A well-known Jamaica Plain builder who hopes to open a casual seafood restaurant next to Green Street T failed to get support from a bellwether neighborhood committee for the liquor license he’ll need.
Chris DeSisto of Maple Hurst Builders will have to decide whether to take his request to the city’s Licensing Board without a green light from the Public Service Committee of the JP Neighborhood Council. The board stalemated 4-4 Tuesday during a packed community meeting at the JP Police Station.
DeSisto aims to anchor a new multi-use building at the corner of Green and Amory with a restaurant. “Bartlett Square 2” would mirror many aspects of his existing Bartlett Square building across the street. Differences include that instead of condos, the new building would have 15 apartments and office space.
A key issue for some neighbors at Tuesday’s meeting was whether DeSisto was putting the cart before the horse by seeking a liquor license before his larger plans for the entire building have gained neighborhood and city approval.
The restaurant, initially to be called “Redneck Pete’s” but now named “Havana Pete’s,” would serve seafood. Its capacity would be similar to DeSisto’s existing Cafe Bartlett Square across the street. In addition to a first-floor restaurant and patio, plans call for a mezzanine with more seating and a second bar.
“I don’t want to wait a year, in case there are no more liquor licenses,” DeSisto told a standing-room only crowd of about 30 residents and committee members. “Having a liquor license will give viability for the restaurant and help with financing.”
The basic idea of a casual seafood place next to Green Street T had strong support in the room, including from committee member Dana Gonsalves.
“I like to have an apple martini at Legal’s, so to have that in the neighborhood, that’d be great,” said Gonsalves, who left the meeting before the final vote, which ended in a tie, was taken.
The property right now is used for storage of construction machinery and vehicles.
Reasons for ‘No’ Vary
Resident Marie Turley said she and like-minded neighbors objected to the design, height, density and lack of green space for the project as a whole. She said neighbors are negotiating with DeSisto and at this time do not want to give approval for the liquor license.
“We are not opposed to Chris or his development…we’re concerned with the rapidity,” she said.
At least two committee members voted against the liquor license not because they object to DeSisto’s plans, but because of timing. DeSisto is seeking one of the new, limited licenses championed by City Councilor Ayanna Pressley as a way to help under-served neighborhoods, including JP, to get new bars and restaurants. A regular, old-style license often fetches more than $250,000, a cost that can be a significant barrier to local entrepreneurs.
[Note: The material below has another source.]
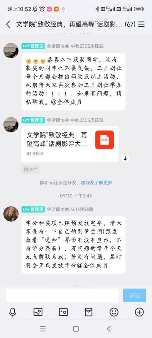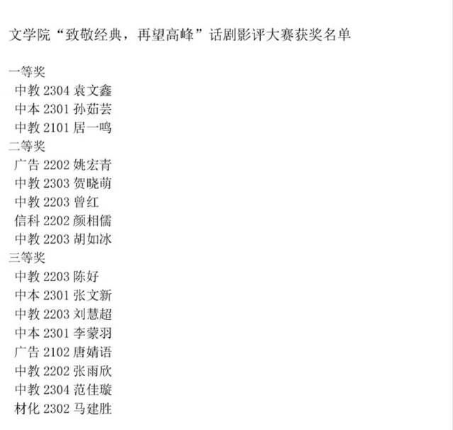比赛期间,参赛者围绕“致敬经典,再望高峰”主题,选择经典话剧进行观影并撰写影评。社团成员组成评审团,对参赛作品进行评选,最终评出一、二、三等奖及优秀奖。获奖作品将在相关平台展示,供广大话剧爱好者交流学习。中教2304袁文鑫《法海求真源》;中本2301孙茹芸《繁漪——话剧史上的荆棘玫瑰》的影评突出。

A total of 75 of the new licenses will be handed out over three years, with 25 made available each year.
However, because DeSisto’s larger project has barely begun making its way through the neighborhood and city approval processes, any license he was granted would likely sit unused for 18 months or more.
Strong Support From Some
At Tuesday’s meeting, residents speaking in favor of the project outnumbered those opposed six to four.
Several spoke of how a lively restaurant at that corner could increase safety.
Fred Vetterlein, who recently moved near to the proposed project, said it could be “an important addition to the neighborhood life of JP.”
“He’s done tremendous projects in Jamaica Plain,” said Bill Reyelt, an urban planner who no longer lives in JP but still owns property in the neighborhood. “I think this is textbook ‘Transit Oriented Development.'”
“Having grown up on Lamartine Street I believe the biggest problem with this area of JP has been a lack of life along the Southwest Corridor Park after dark,” wrote resident Lee Goodman in a written endorsement of the project. He echoed those thoughts in person at Tuesday’s meeting.
After the meeting, DeSisto said he felt some residents were conflating the liquor license process with the process for the overall building.
DeSisto is scheduled to go before the Licensing Board on Wednesday, March 11. Recommendations from the elected, volunteer Neighborhood Council (or lack of them) don’t always torpedo petitions to the city boards that hold the actual power.
Licensing Board meetings generally start at 10 a.m. in City Hall’s Room 809, on the eighth floor.